Did the colorful adventure you wrote about became my persistent dream, did it
start when I released the balloon and carried our cabin higher and higher?
You know,
this room is full of you,
the picture on the fireplace is you, the one
sitting next to my rocking chair is you,
the tableware oven freezer in the kitchen is yours
, the bed sheets in the bedroom You wash and dry the pillowcases and bedding. Before laying it, you always carefully iron
the clothes in the closet. You wash and dry them.
You clean my lenses, you tie the tie, and leather shoes. The oil you put on, the trousers are the side you folded.
In this room, in every crevice of wood, in every cubic meter of air, you
are your smell and breath
. You don’t need perfume and the faint smell of soap. Breathe. Stable, quiet and childish, you jumped in from the window and carried a big dream for me. Did you
start when you lay on the hospital bed and hugged the flowers I planted?
I want to tell you
that the wrinkles, silver threads and imprints left by those years
can't take away the light of your smile, on the
contrary, it's just a common souvenir of our journey along the way,
like my crutch lenses and bad temper.
Quiet, you lowered your head and leaned against my arms,
like yesterday, the day before yesterday, or the corners of your mouth that rose up many, many years ago were
telling me about your happiness? However, your brows have revealed your secrets
, I can see your worries, worry
that if I eat instant noodles and ham, I will get food poisoning, worry that if I smoke too much, my whole lungs will black out, worry that I don’t know my family How to use the semi-automatic dryer, I am worried that my presbyopia will not be able to see the water meter and the time dial of the oven
You are willing to go after me, because I am afraid that I will not be able to handle it alone
, but I also think so, I am so glad that this time I win,
who wants you to be so articulate every time you
fight , I don't need you to face such loneliness alone. What
is left now is me, and your adventures, which stuck in my heart
since you were ill and I broke the last big pig with my own hands?
I forgot, how many jackpots did we buy in total? How many accounts have you recorded in total?
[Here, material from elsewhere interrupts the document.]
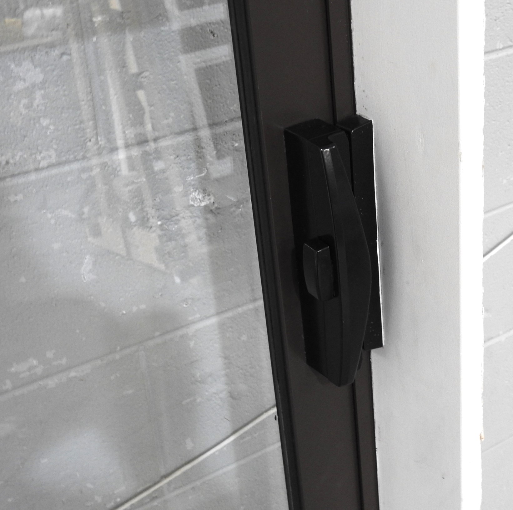 Has removable obscure film low down and at eye-level (for safety)

I just remember our first piggyback, it was a small house
like our log cabin, with a little chimney on the roof and glass windows facing the sky before
we could move into this log cabin Someone told you
next to our wedding photo that the bride on it is the most beautiful in the world, even though the groom smiles stupidly I think I say that once a day but you know, I have a bad memory and I don't have the thick skin I didn't say once if I should blame you. I'm used to my awkward temper. It's like, if you're smart, I'll be quiet; if you're careful, I'll take care of you. Grab the test sheet, sit in the garden and start? I know how much you want a child and you say, "Haha, I want a boy, the girl has to be worn like a baby, you can't slam the boy, you can take it wherever you want, just throw it wherever you want" you Ask me, I said, "I want a daughter." If you ask why, I won't answer you. Well, then we will have a bunch of boys and girls.
You are responsible for giving birth to girls, and I am responsible for giving birth to boys.
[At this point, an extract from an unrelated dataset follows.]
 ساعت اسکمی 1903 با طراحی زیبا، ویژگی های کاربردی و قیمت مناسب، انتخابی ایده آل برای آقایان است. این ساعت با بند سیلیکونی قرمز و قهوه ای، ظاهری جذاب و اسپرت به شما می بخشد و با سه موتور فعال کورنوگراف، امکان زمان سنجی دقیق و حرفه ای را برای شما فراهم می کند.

I smiled and saw the joy of your own imagination.
However, that piece of paper broke our original assumption
. God just wants us to enjoy the beauty of the world alone and
not give any There is a gap between third parties, not to mention there may be fifths, sixths, and sevenths
. Although I have never told you that I
want a daughter, it is because I want a little girl like you to take good care of, who If I didn't know how to cherish you all the time, did
I start nervously holding the ring and facing you in white gauze?
On the day in my memory, nothing was clear. It was like the
only clear photo of the photo that had been soaked in water. It seemed that there was only one left.
I looked up, and what I saw
was released by you. That big bunch of balloons, colorful and colorful,
like your book. That splendid adventure
held your hand. From then on, I knew that we would never leave
you and handed myself over to me. From that day on
, I decided to
make your adventure mine. I worked hard
, but until you left,
I couldn't draw it down for you. . .
After you left, I opened your drawer in the room, and I saw
66 notepads and 35 full-stuffed photos
. At the time, I really wanted to smooth out the frown, this big fool, always thought that the twisty adventure was the only one, in fact, the adventure in my heart has been going on all the time.”